While I still do some prep during the week, having a head start on the leg work certainly helps provide a little extra momentum to get going after a busy day. One of the main things I focus on is taking evaluation of what's already in the fridge and needs to be used. I try to base our meals around veggies, so I start the process by turning on some music, spending time chopping up all unused produce in the fridge (can't stand food waste!!), and making a plan from there.

Benefits of Weekend Meal Prep:

Health-saver: Grab and go healthy foods, meals throughout the week.

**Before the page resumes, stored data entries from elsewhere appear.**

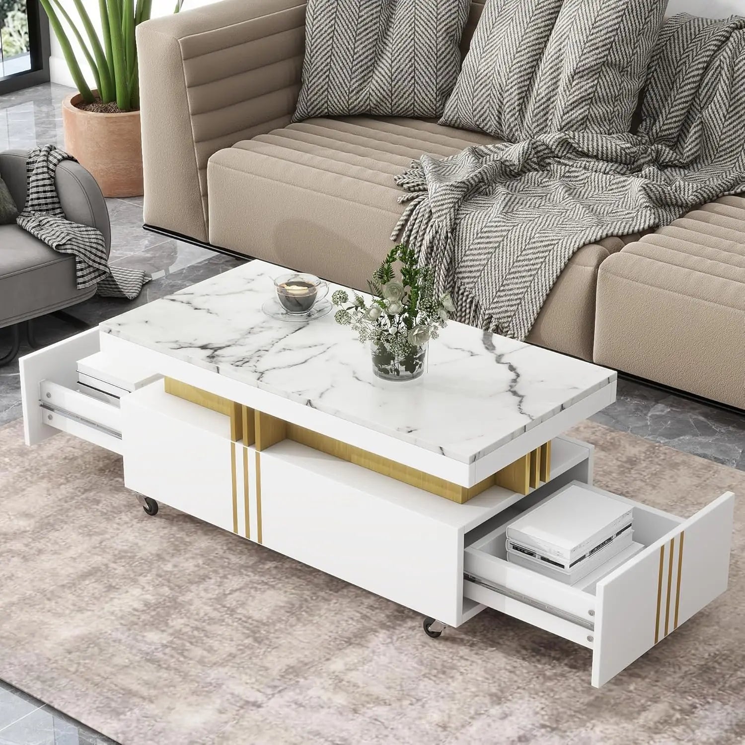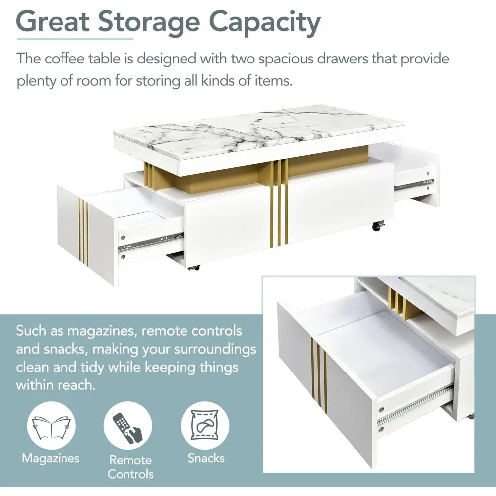Coffee Table with Faux Marble Top, Modern Center Table with 2 Drawers & Caster Wheels, Contemporary Luxury Cocktail Table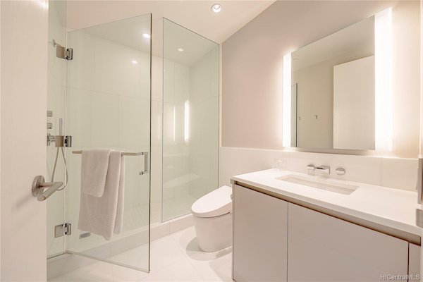 こちらは玄関を入ってすぐのところにあるバスルームの様子。シャワーのみですがフルバスなのがいいですね。トイレはTOTOのNeorestにアップグレード済みです。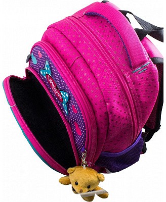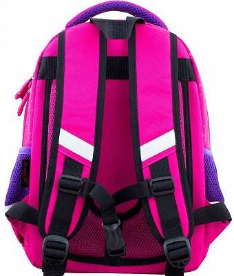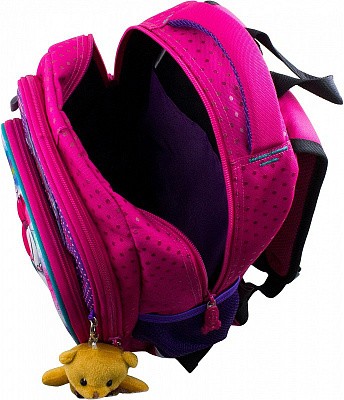 В школьном рюкзаке два основных отделения и карман-органайзер. Основное отделение с 2 двумя разделителями и резинкой для крепления школьных принадлежностей. Второе отделение без наполнения. Спереди вместительный карман на молнии украшенный объёмной 3D картинкой с органайзером для письменных принадлежностей. По бокам карманы-сеточки на резинке.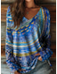 Women's Boho T Shirt Floral Graphic Plants Vintage Stylish Casual Long Sleeve V Neck Regular Tops Daily Weekend Print Pink Blue Gray Light Blue Summer Spring Fall
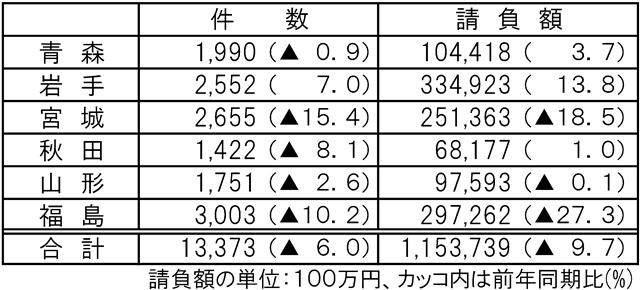 東保証宮城の8月末取扱い/請負額9.7%減1兆1537億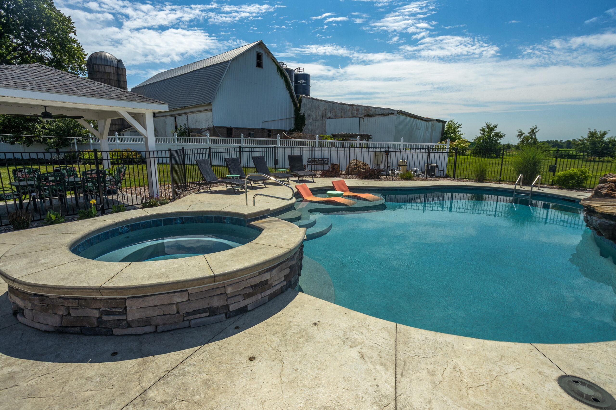 Custom gunite pool, featuring a gorgeous spa and an elegant tiered patio.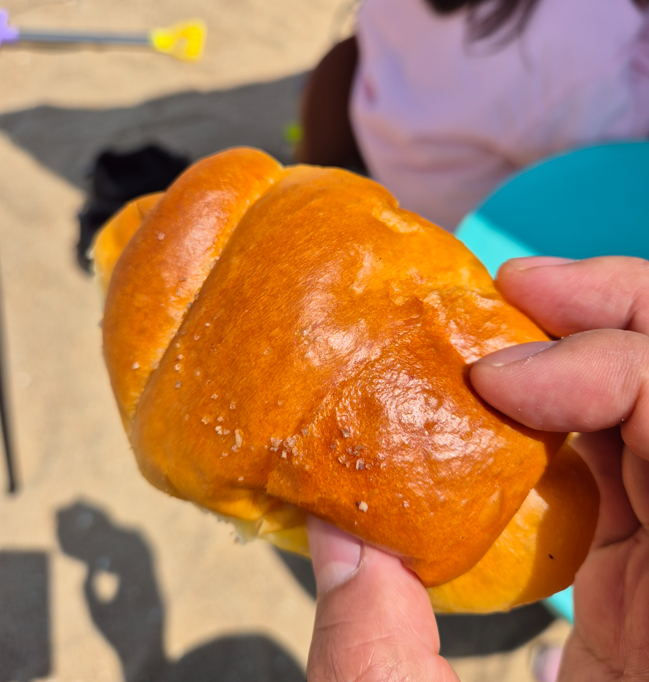 - 빵을 처음 꺼내보면 별 다를 것 없이 프랜차이즈 베이커리에서 판매하는 소금빵과 비슷해 보인다.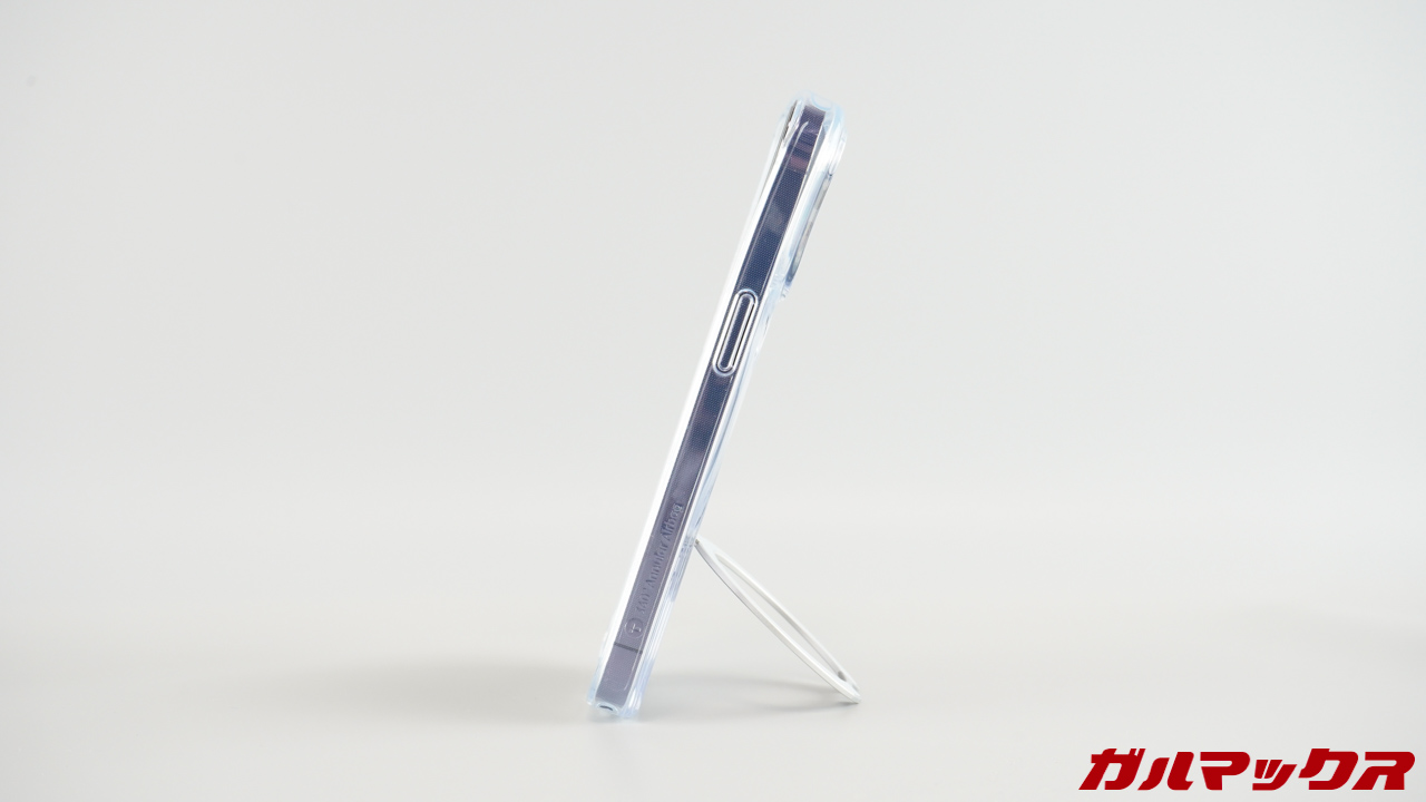 持った感じは普通のクリアケース入ってるiPhoneって感じ。ケースの厚みも純正ケースとそんなに変わりません。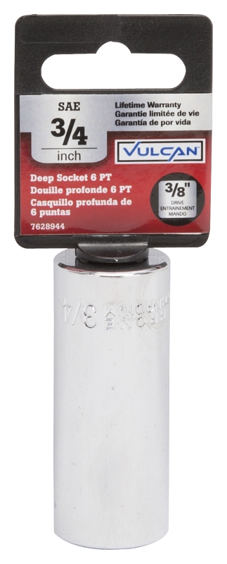 Vulcan MT6496053 Drive Socket, 3/4 in Socket, 3/8 in Drive, 6-Point, Chrome Vanadium Steel, Chrome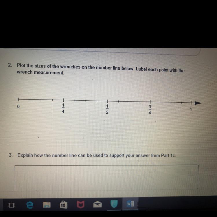 2.plot the sizes of the wrenches on the number line below (in the picture) label each point with a wrench measurement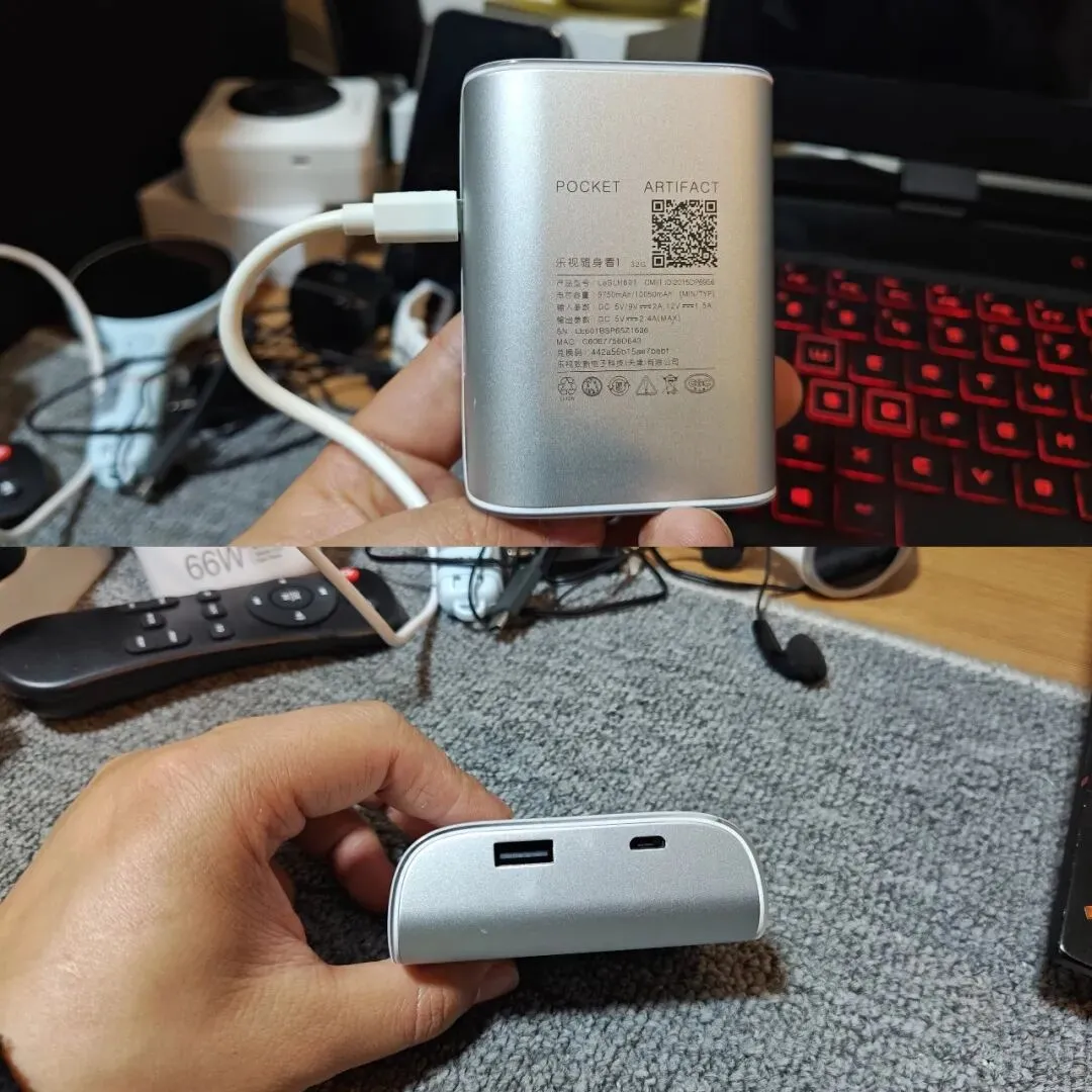 外观采用上玻璃下金属的双圆弧设计,没有棱角,手感还算温润,正面有乐视LOGO和电量、WiFi状态指示灯,背面印着绑定APP的二维码(现在已经没用了),侧边是开关机键、强制关机键和Micro USB输入、USB输出接口。三围是59.8mm×79.8mm×29.9mm,重量213g。但在当年,这个体积能塞下这么多功能,已经算不错的了。

Sanity-saver: Less brainpower needed after a hard day's work!! Also: Less dishes to clean throughout the week (meaning theoretically the kitchen stays cleaner...)

Time-saver: Multi-task by preparing multiple dishes at once. Save even more time by preparing double batches for the freezer!!

Energy-saver: Again, you can cook multiple recipes in the oven at once.

Money-saver: Save $$ by eating out less, less reliance on convenience foods.

Here's a snapshot of what I made last weekend:

Round 1

Clockwise: Fresh cut veggies for stir fry or curry and leftover broccoli stems (I ate with hummus), marinated tempeh for tacos (recipe soon!), stir fry with veggie "beef" tenderloins for grab-and-go meals, quinoa and baked sweet potatoes for lunches.

Round 2

Clockwise: Fresh baked bread for sandwiches, homemade almond butter, fresh cut watermelon and pineapple (went towards husband's training weekend), a few green smoothies (my daily mid-morning snack) and fruit cups (mid-afternoon snack), not pictured: chickpea-avocado salad (for sandwiches!)

What you will need:

  1. A Plan-decide what foods need to be used up and pick out your recipes. Make a menu.
  2. Groceries- Again, I try to use what's on hand first and then make a trip to the grocery store for extras
  3. Containers- to store the finished product!!
  4. Labels- not a bad idea to label things in case you forget (or for others who may not know what you prepared). Dating items is important too, especially if you plan to put any of the meals in the freezer.
  5. A dishwasher- for the impending mess you make (cue the hubby)

It can be overwhelming at first so start small! Prioritize and pick out a few key items each week and build from there. It doesn't happen every weekend for us, especially when we travel, but it's definitely a habit I'm glad I've developed more over the years.